What the task asks -> The copy must match the data below line for line and contain no images.

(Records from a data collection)
● ● ● ● ● ● ●

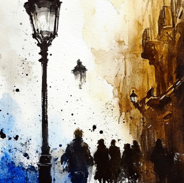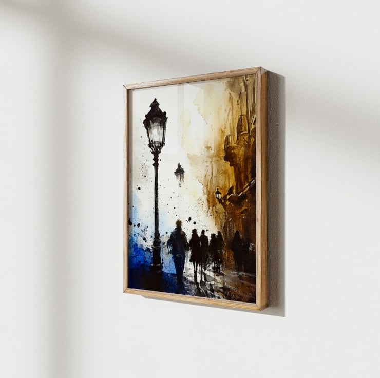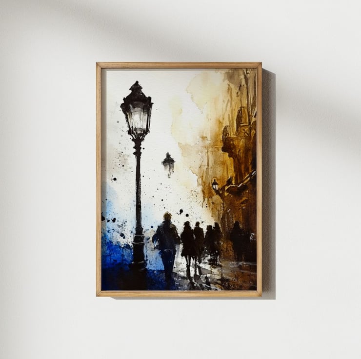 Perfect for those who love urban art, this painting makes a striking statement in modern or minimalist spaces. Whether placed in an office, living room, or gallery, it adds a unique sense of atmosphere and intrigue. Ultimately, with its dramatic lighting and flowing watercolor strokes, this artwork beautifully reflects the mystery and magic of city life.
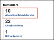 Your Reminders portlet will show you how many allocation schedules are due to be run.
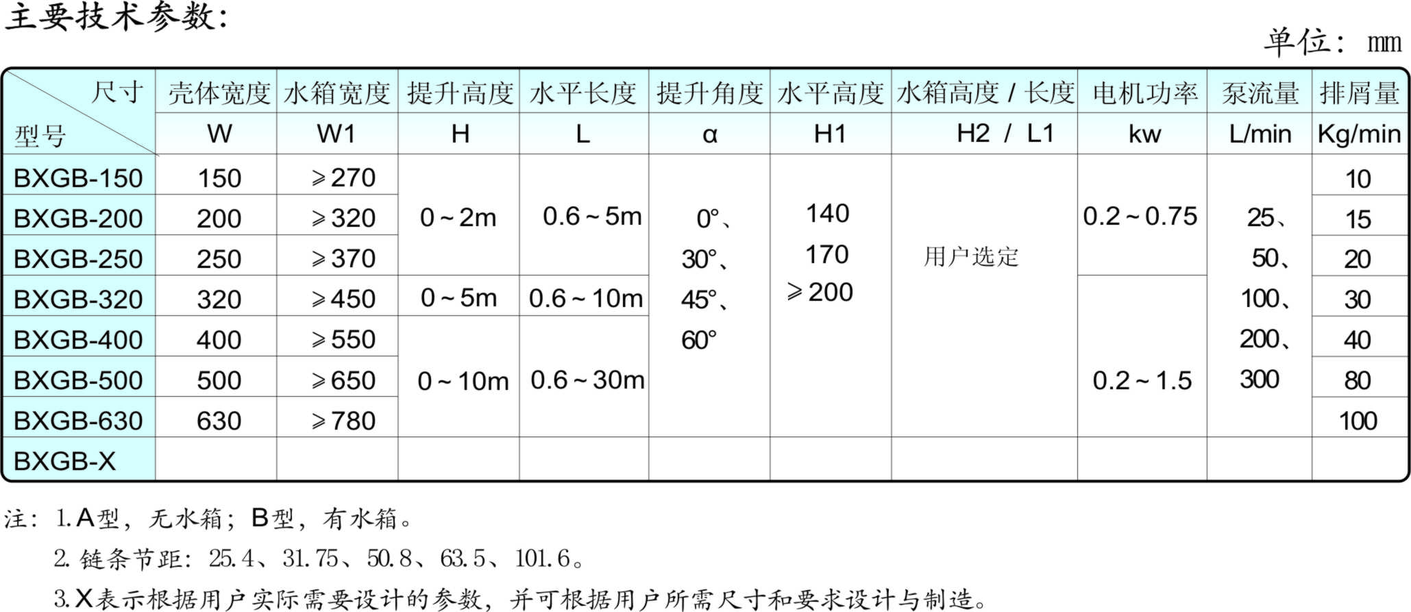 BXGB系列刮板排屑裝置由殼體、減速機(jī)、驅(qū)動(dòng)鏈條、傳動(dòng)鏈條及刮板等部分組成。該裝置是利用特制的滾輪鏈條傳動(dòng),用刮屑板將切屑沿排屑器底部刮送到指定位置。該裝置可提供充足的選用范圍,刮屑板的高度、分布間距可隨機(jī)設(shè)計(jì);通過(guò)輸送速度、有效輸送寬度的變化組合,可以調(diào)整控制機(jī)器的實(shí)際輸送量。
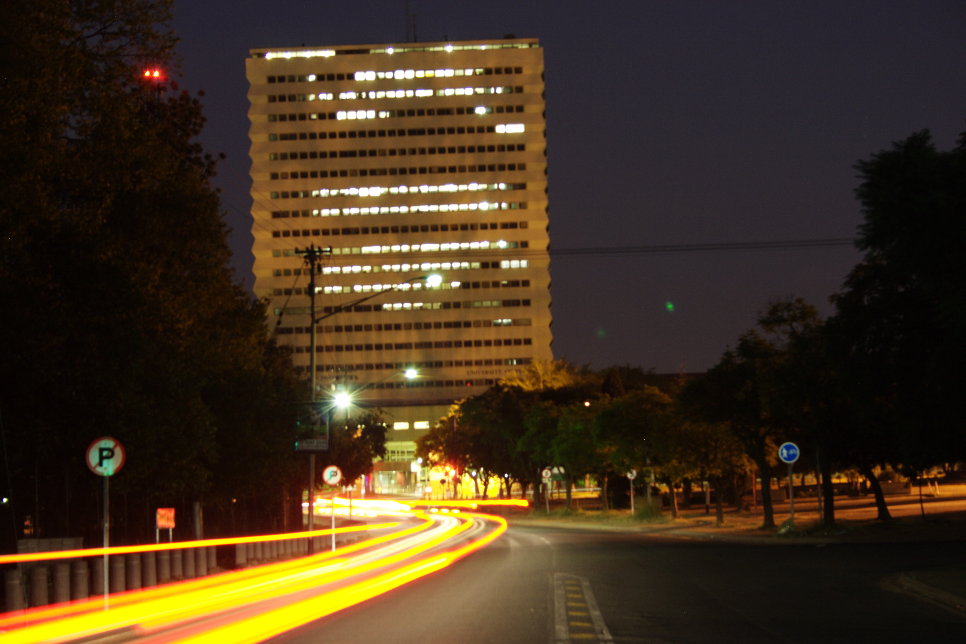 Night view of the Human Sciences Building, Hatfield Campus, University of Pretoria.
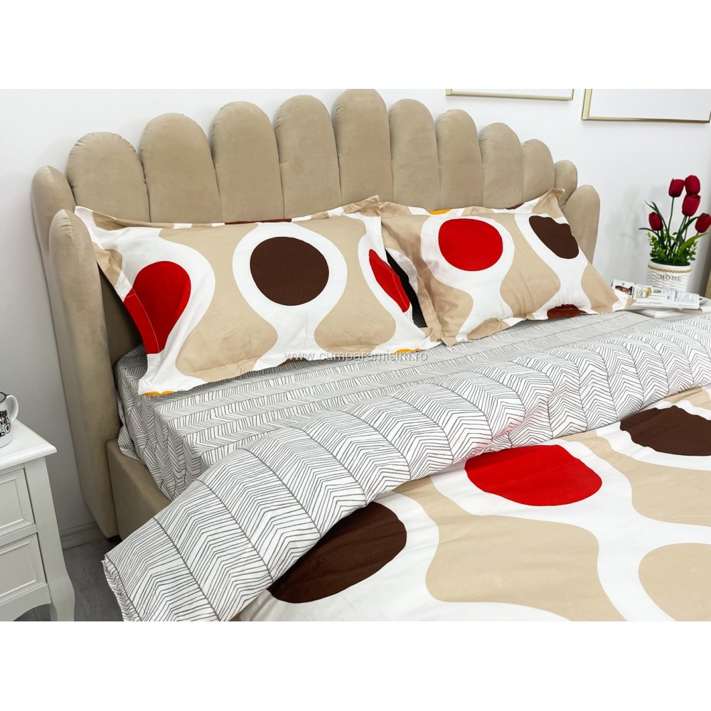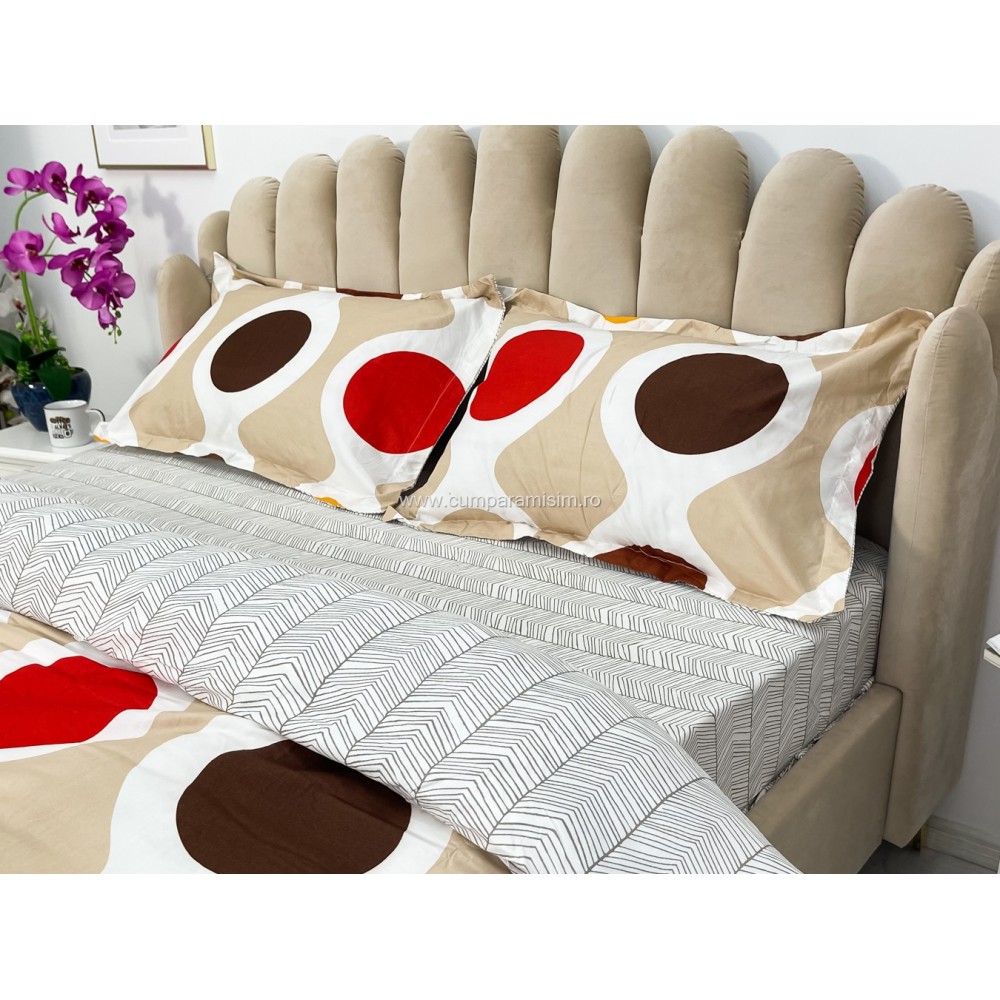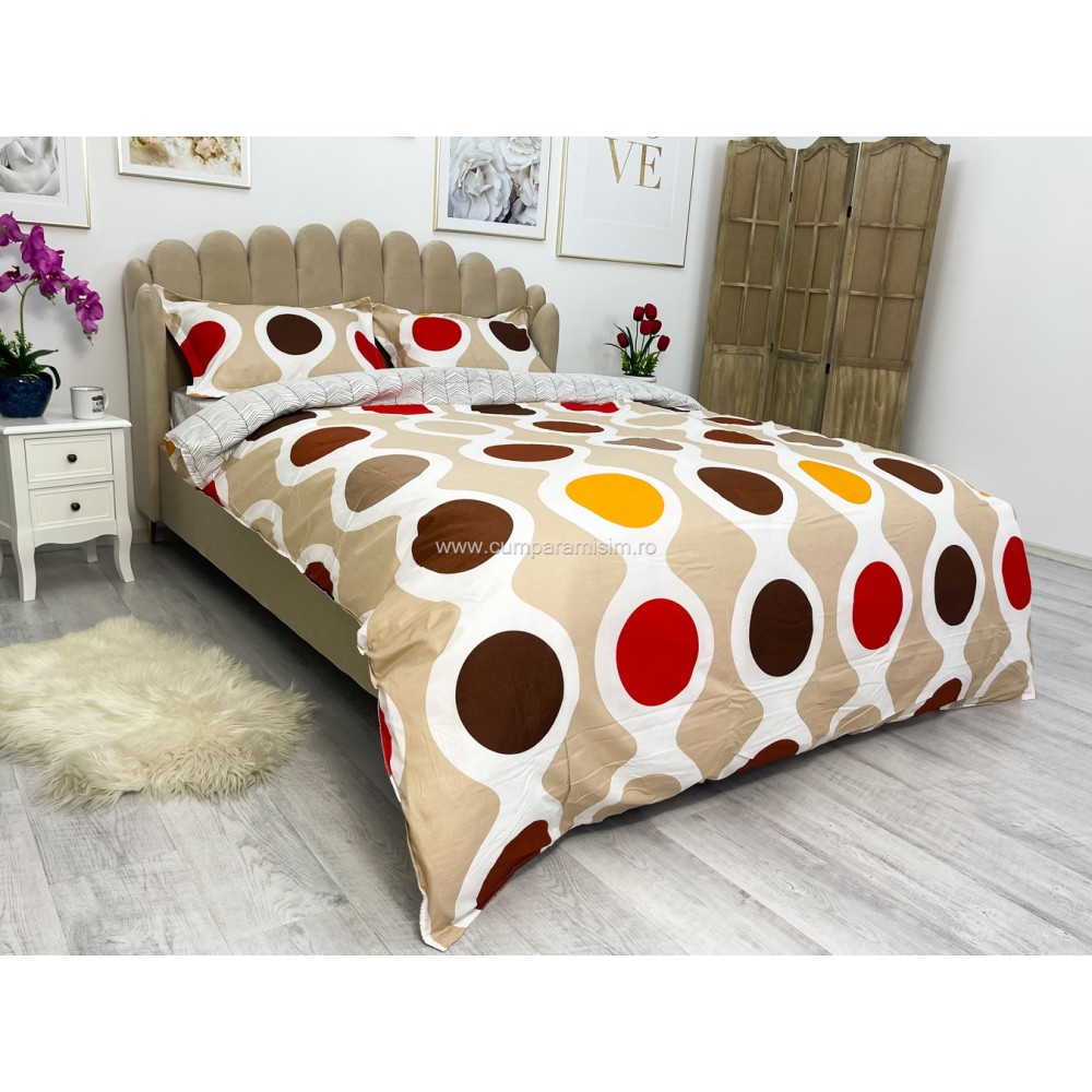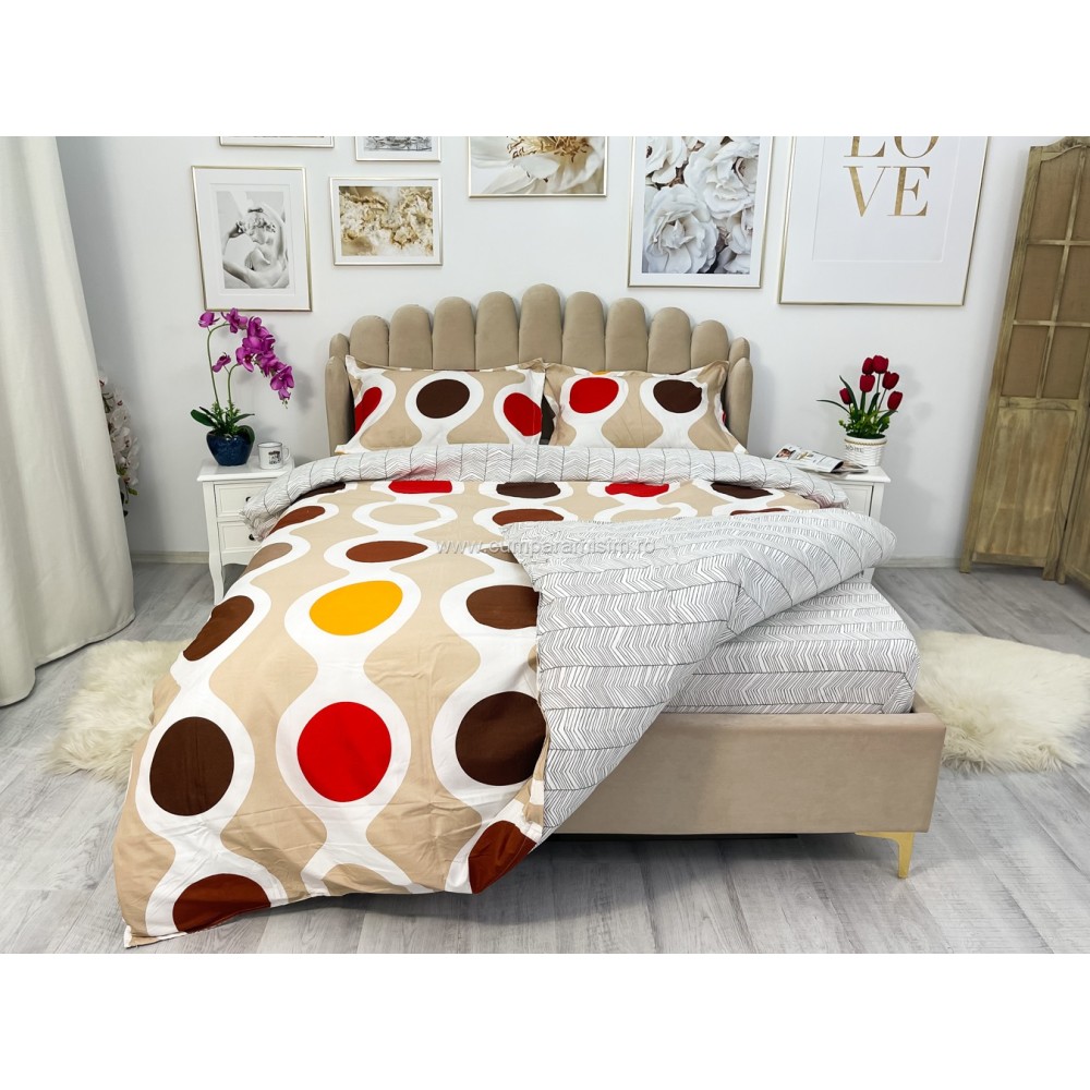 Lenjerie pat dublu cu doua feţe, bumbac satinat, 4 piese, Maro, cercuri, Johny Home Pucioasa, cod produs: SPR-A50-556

● ● ● ● ● ● ●

Answer to the exercise ->
 Perfect for those who love urban art, this painting makes a striking statement in modern or minimalist spaces. Whether placed in an office, living room, or gallery, it adds a unique sense of atmosphere and intrigue. Ultimately, with its dramatic lighting and flowing watercolor strokes, this artwork beautifully reflects the mystery and magic of city life.
 Your Reminders portlet will show you how many allocation schedules are due to be run.
 BXGB系列刮板排屑裝置由殼體、減速機(jī)、驅(qū)動(dòng)鏈條、傳動(dòng)鏈條及刮板等部分組成。該裝置是利用特制的滾輪鏈條傳動(dòng),用刮屑板將切屑沿排屑器底部刮送到指定位置。該裝置可提供充足的選用范圍,刮屑板的高度、分布間距可隨機(jī)設(shè)計(jì);通過(guò)輸送速度、有效輸送寬度的變化組合,可以調(diào)整控制機(jī)器的實(shí)際輸送量。
 Night view of the Human Sciences Building, Hatfield Campus, University of Pretoria.
 Lenjerie pat dublu cu doua feţe, bumbac satinat, 4 piese, Maro, cercuri, Johny Home Pucioasa, cod produs: SPR-A50-556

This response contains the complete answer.